From a longer-term perspective, if Zhipu indeed develops a model comparable to or even surpassing Anthropic's (notably, Zhipu was not on Anthropic's list in February accusing Chinese model companies of model distillation), then combined with recent U.S. and Anthropic's closed actions, we should perhaps view cutting-edge models as strategic assets bear (bearing) geopolitical significance.
Currently, the U.S. has two major players, OpenAI and Anthropic, while China currently has only Zhipu, so it is reasonable for it to enjoy a higher valuation premium.
3) Extremely narrow float. The actual free float is extremely low (less than 3% of total share capital on the listing day), coupled with passive demand from index inclusion, has amplified short-term scarcity multiple times. However, as various lock-up periods expire in the second half of the year and the float gradually increases, the current scarcity is clearly not the norm.
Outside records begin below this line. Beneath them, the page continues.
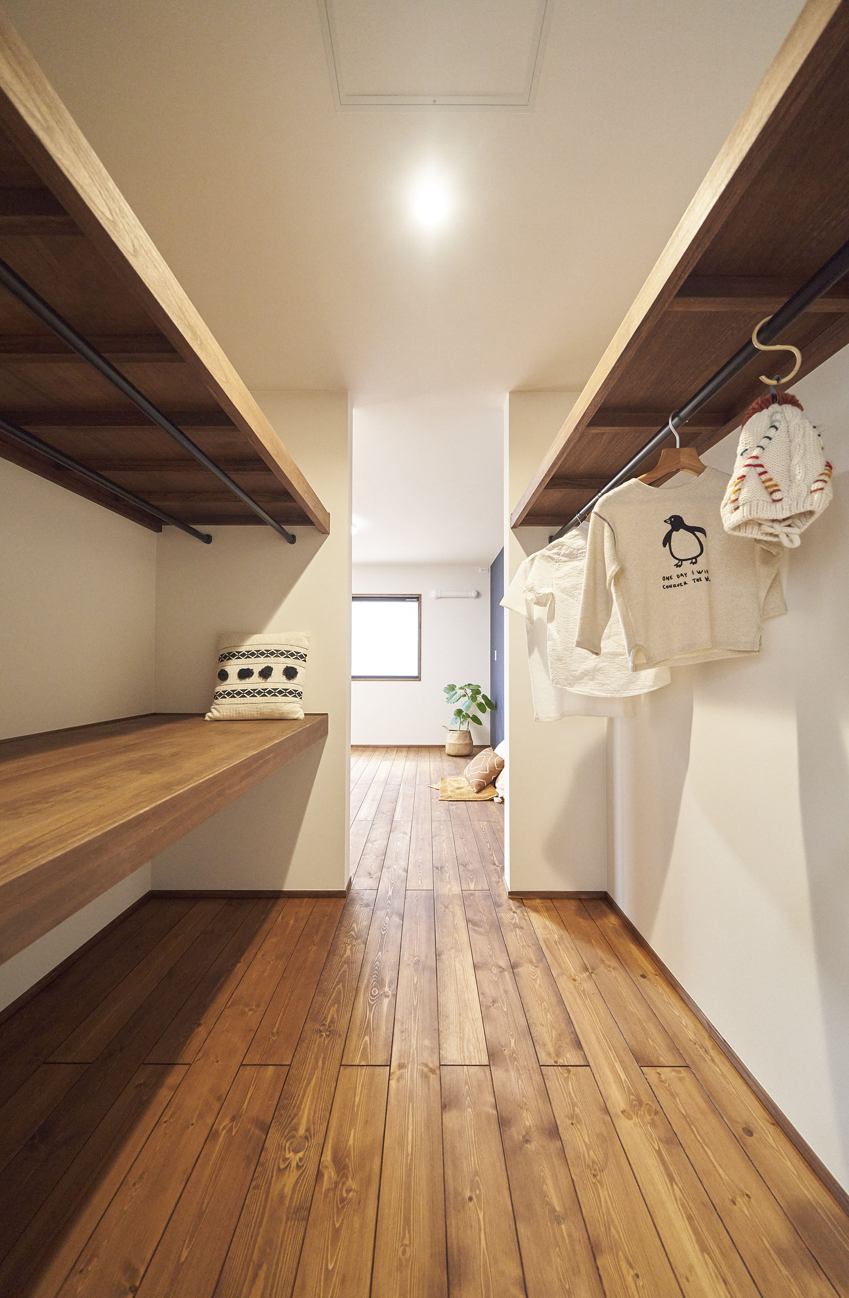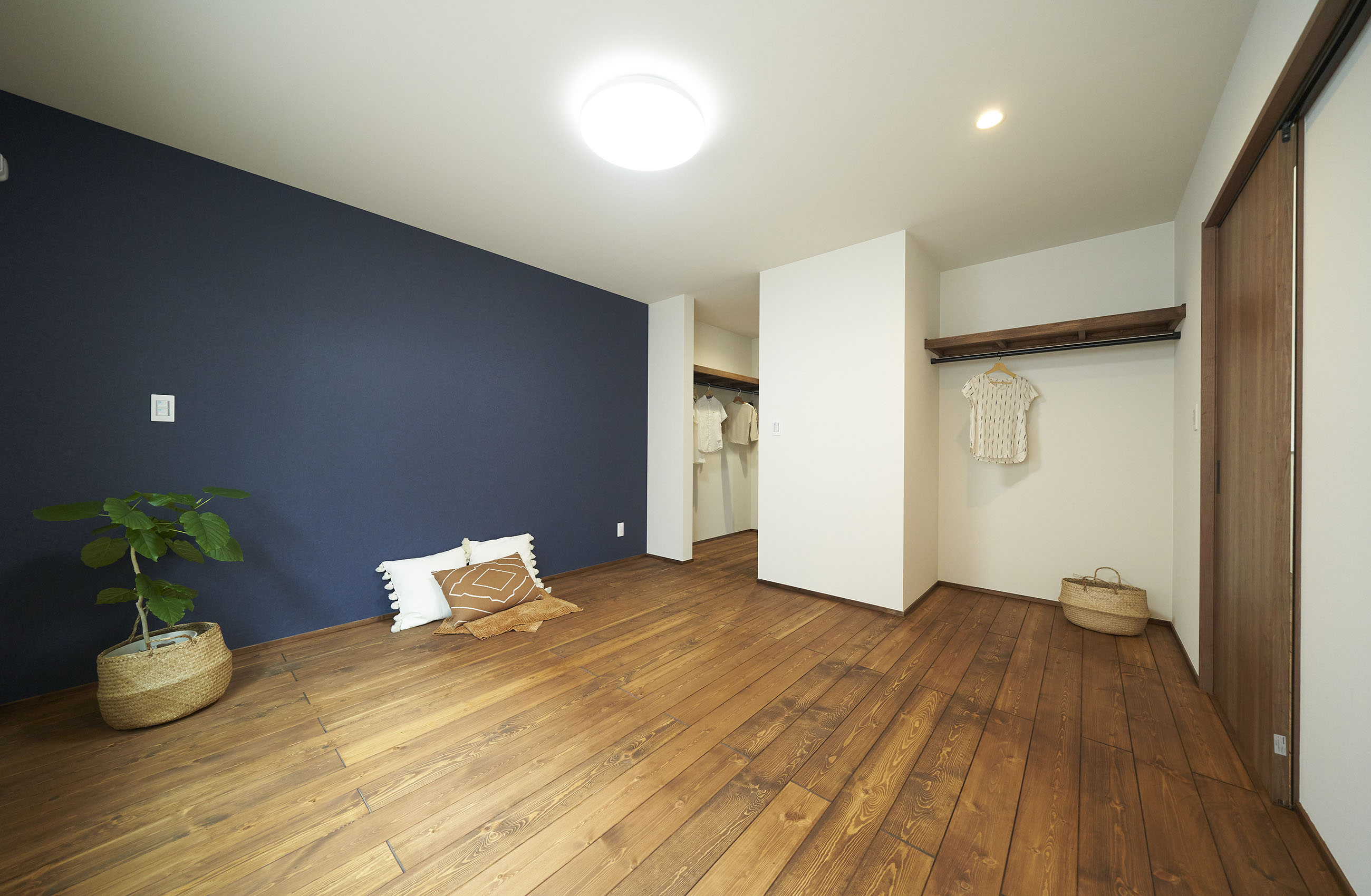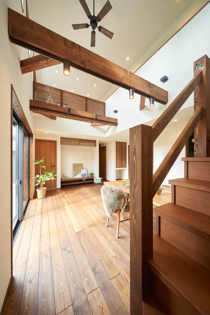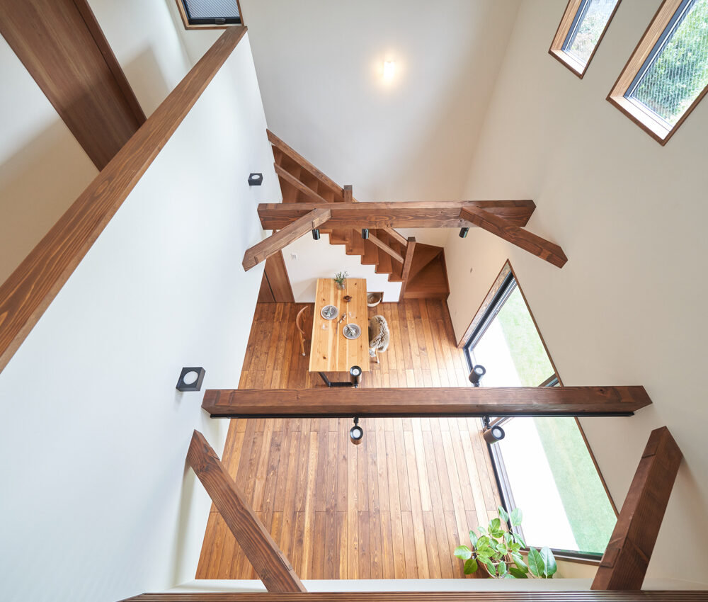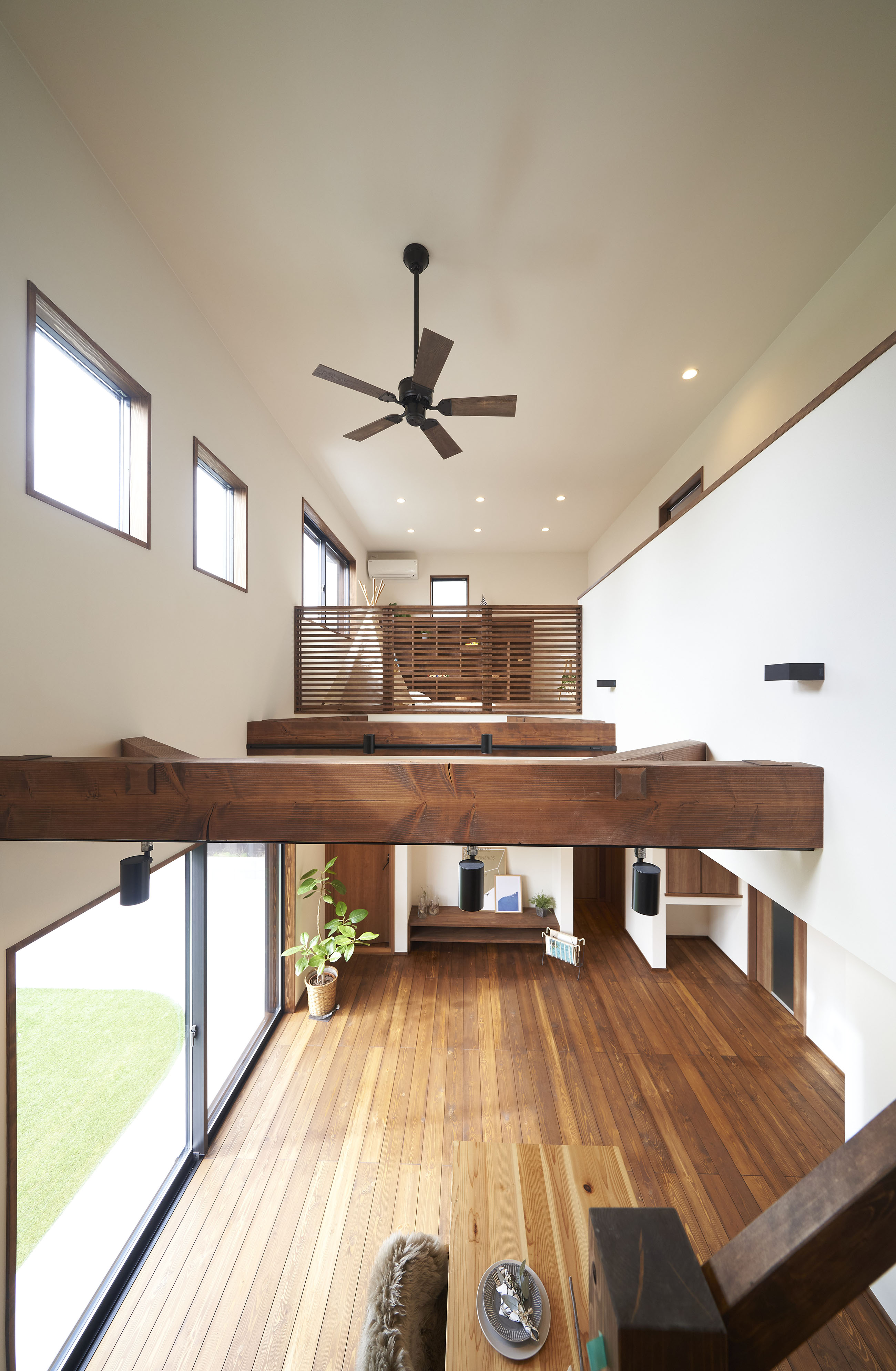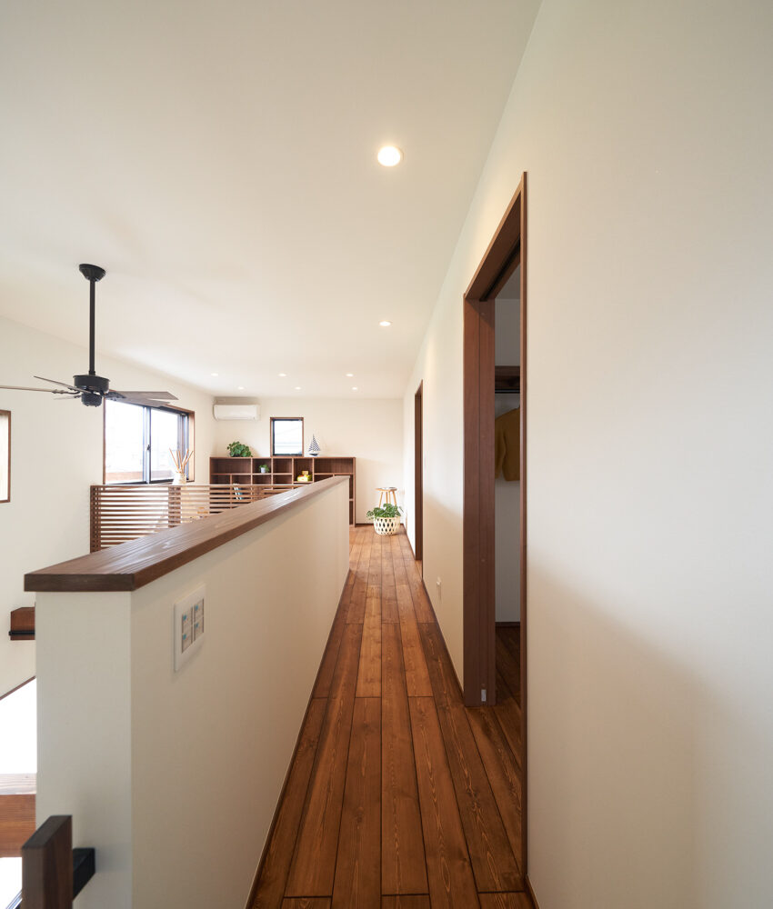 建主様の「箱型の家に住みたい」というご希望と、シムラのスタンダードプランがぴたりと一致しました。玄関側に窓を設けず、箱型のフォルムを強調することで、シンプルでありながら存在感のあるデザインに仕上がっています。
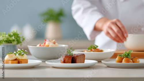 chef plating food, close-up hands, fine dining, fresh garnish, culinary art
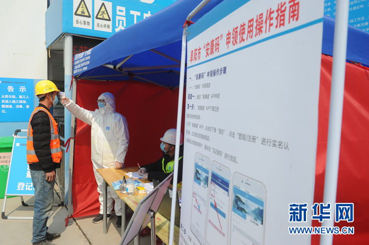 3月4日,安徽省阜阳市,建筑工人进工地前先测量体温。
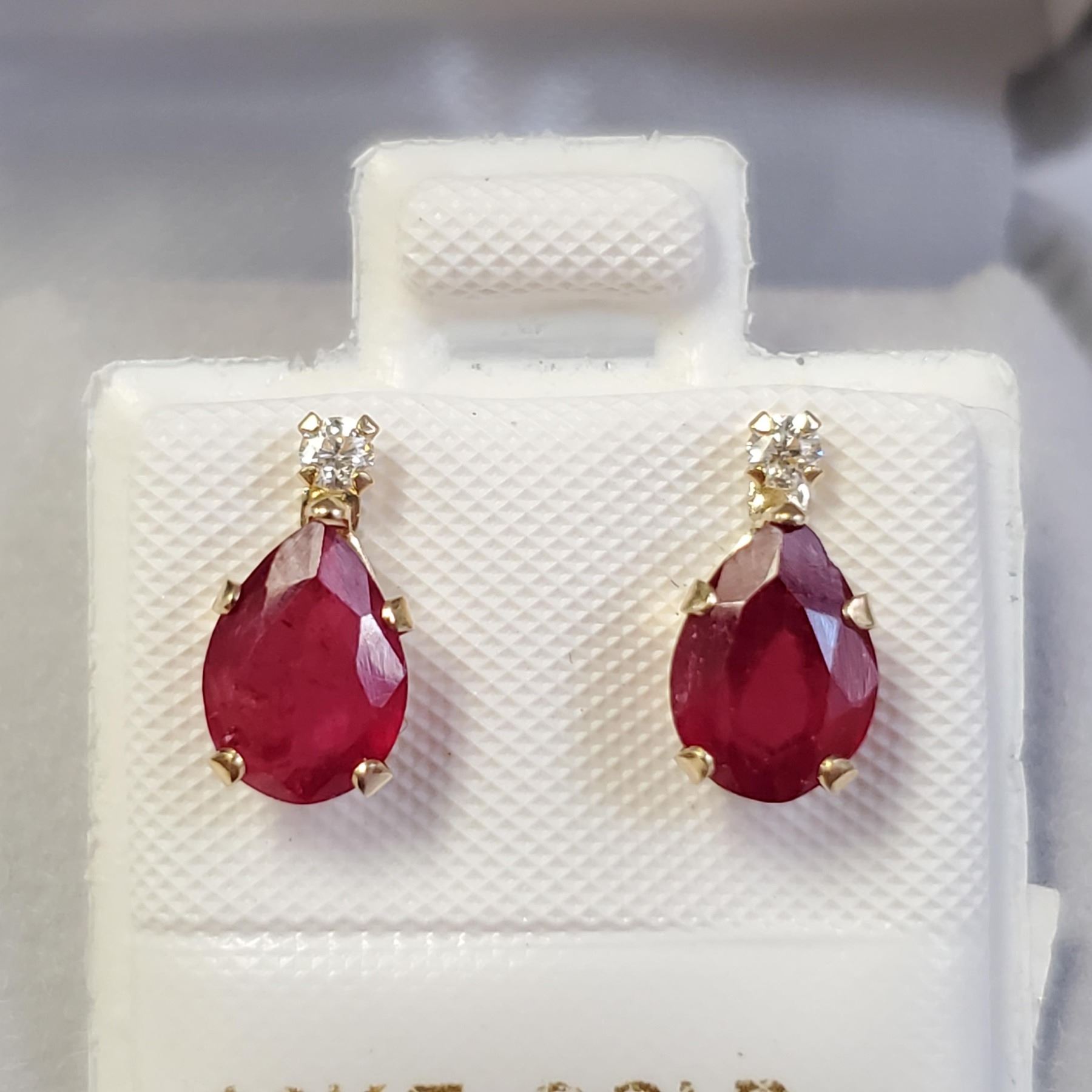 10K YELLOW GOLD RUBY(1.8CT) MOISSANITE(0.05CT) EARRINGS, MADE IN CANADA
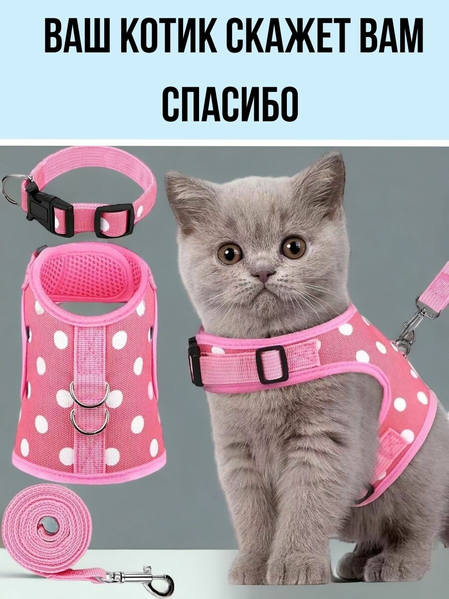 Шлейка для кошек, розовая XS интересное:

Combining the three points in Section 2, we believe Zhipu's valuation premium is reasonable. However, based on the ARR analysis in Section 1, even in an optimistic scenario where we assume the company achieves over $1 billion in ARR by September, implying a month-over-month growth rate of about 30%, and referencing Anthropic's average monthly growth rate of 20% from $1 billion to $9 billion in ARR, we calculate that Zhipu's ARR would reach about $1.73 billion by the end of 2026, implying a P/ARR multiple still as high as 80X. This means that even under optimistic expectations, the valuation multiple is nearly double that of Anthropic's same period ( same period ) level.